Sunday, April 8, 2012

Easter

Today will be my third Easter without Paul. In some ways, it seems like he's been gone forever. But other times, it's as if he were next to me just yesterday. That first Easter without him was the first time I went back to church. He had left on January 31st and I hadn't been to church since that day. I figured Easter was a good day to give it a try. I knew there would be so many people at church that I would be less noticed. I remember nothing else about that day except that I made it. Made it to church, made it through the day. And that was enough - for that day. I struggled for the whole next year with getting myself to church. So many memories were there and it was painful to be there. My attendance was irregular but I kept at it. Easter, 2011 approached and I read that our church would be having the Stations of the Cross for Good Friday. I decided to go, all by myself, and I was so blessed by the experience. I was needy and God met me there. I didn't have to wonder or struggle or question. I sat in the dark, read the folder that gave guidance on what to reflect on and how to pray, and slowly moved through Christ's suffering, death, and resurrection as well as pondered my own suffering.

For just about the whole next year I continued to struggle with the church thing. I visited other churches and finally settled on a tiny congregation of people that loved the Lord and were so welcoming to me. I knew I needed to be in church - wanted to be in church - but oh, it was difficult. Paul and I had been so involved and one of my greatest joys had been ministering along side of him. Now, everything was different. But that little congregation gave me breathing room and a little more time to heal and I am so grateful to them. I recently decided to come back to my old church. I had mixed feelings. The little church I had been attending had been like a balm to me, soothing and refreshing. But it didn't feel like home. Paul and I had been attending the same church since moving to Paso nearly 17 years ago. Somewhat reluctantly, I left the small group that had been a refuge for me and returned to my home church. That was about two months ago. While getting myself to church is still a struggle, I am no longer haunted by visions of Paul and for that, I am grateful.

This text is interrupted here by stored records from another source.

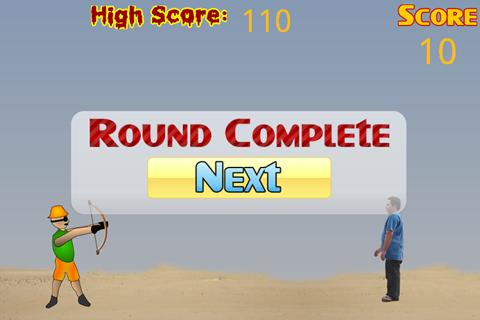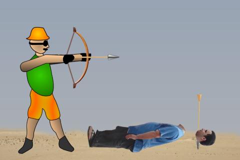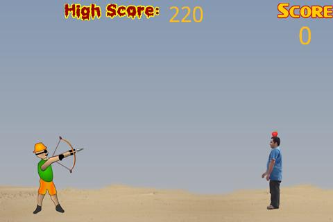 Shoot the apple that your friend is holding over his head. Be careful. The smallest error can mean the death or injury of your friend. So, be sure to shoot on the right angle.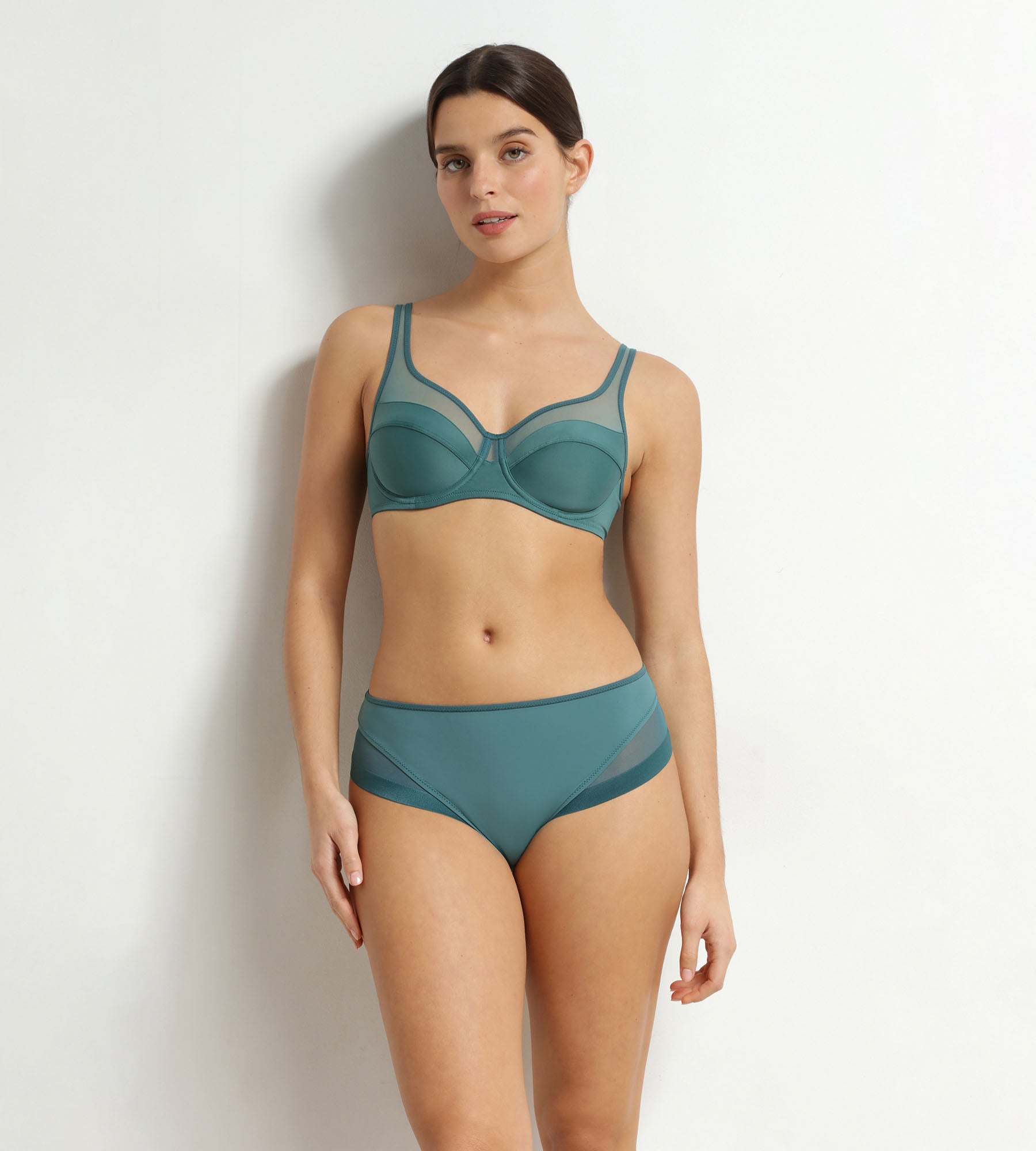 Entre confort et sensualité, la culotte femme Dim Generous en microfibre et tulle Vert Émeraude séduit par sa teinte chic et précieuse.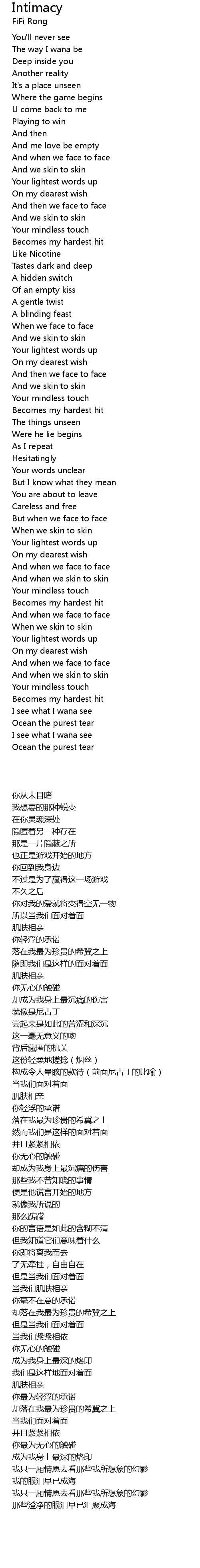 | Song | Intimacy |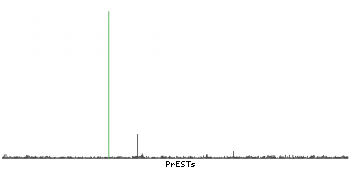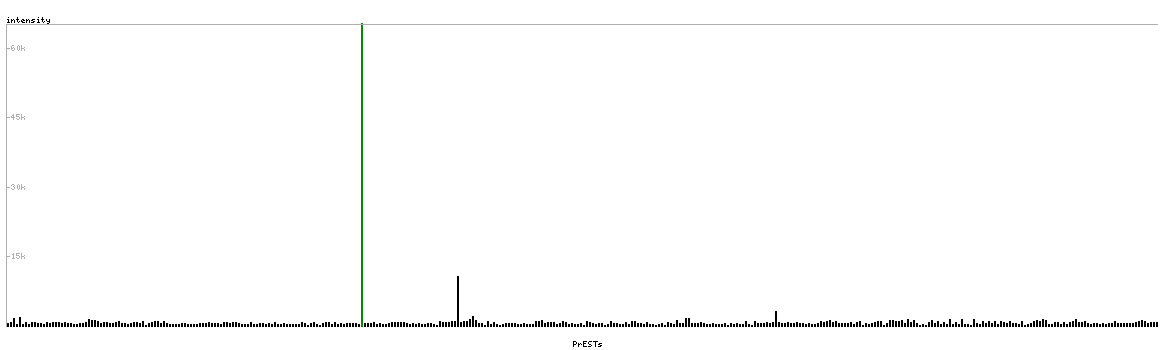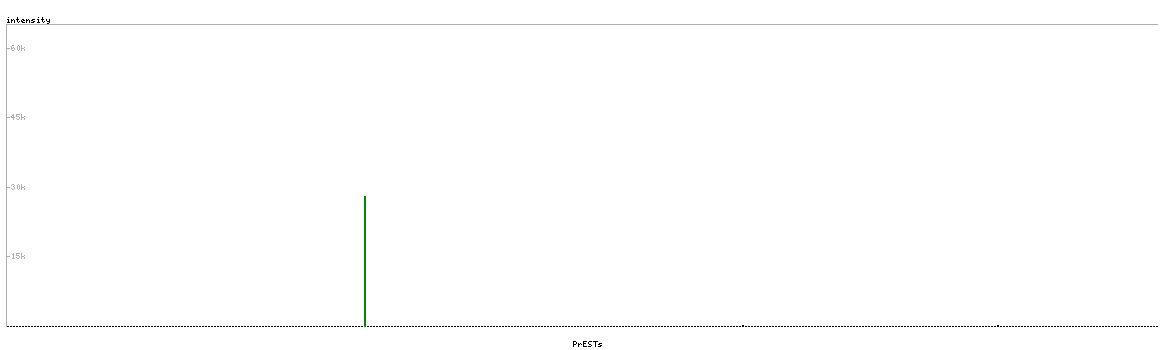 At the top of the view, the position of the antigen (identified by the corresponding HPA identifier) is shown as a green bar. A yellow triangle on the bar indicates a <100% sequence identity to the protein target.

And so it was with a lot of anticipation that I approached this Easter. I was looking forward to going to Stations of the Cross again. I went early in the day and there weren't very many people and that suited me just fine. Again I was blessed by the time I spent with the Lord as I contemplated Christ's sacrifice for me. I've been crying about my own losses long enough! Christ gave up His very throne in heaven, for a time, for me! I need to live for Him, not for myself. For the first time in a long time, I feel myself looking ahead. As I prayed on Good Friday, I asked the Lord to help me look up towards Him instead of inward, towards myself. I also asked Him to use me, somehow.

Melissa asked me yesterday that if I had known my marriage would end up like it has, would I have still gotten married. She wanted to know if I had regrets. It was a tough question and one I hadn't really thought about. I finally told her that I had no regrets and despite what has happened I have lots of good memories and of course, awesome daughters. I was reminded of something I had read in the book, One Thousand Gifts. The author, Ann Voskamp, was relating a conversation with her brother-in-law who had buried two children in less than two years. She said to him, "If it were up to me, I'd write this story differently!"

Her brother-in-law responded that maybe he didn't have to understand all that God allows. He tells her that maybe, just maybe, you don't want to change the story, because you don't know what a different ending holds. God knows how it all works out even though we don't. And all the loss we experience in this life draws us closer to the God who loves us endlessly.

So that is where I want to be this Easter. I want to let God write my story and I want to trust Him fully with the plot of my life. I want to be filled with the joy of His salvation and rejoice in the fact that He chose me! In the end, I will spend eternity with the God who gave Himself fully for me. This in-between stuff? It's just the movie trailer.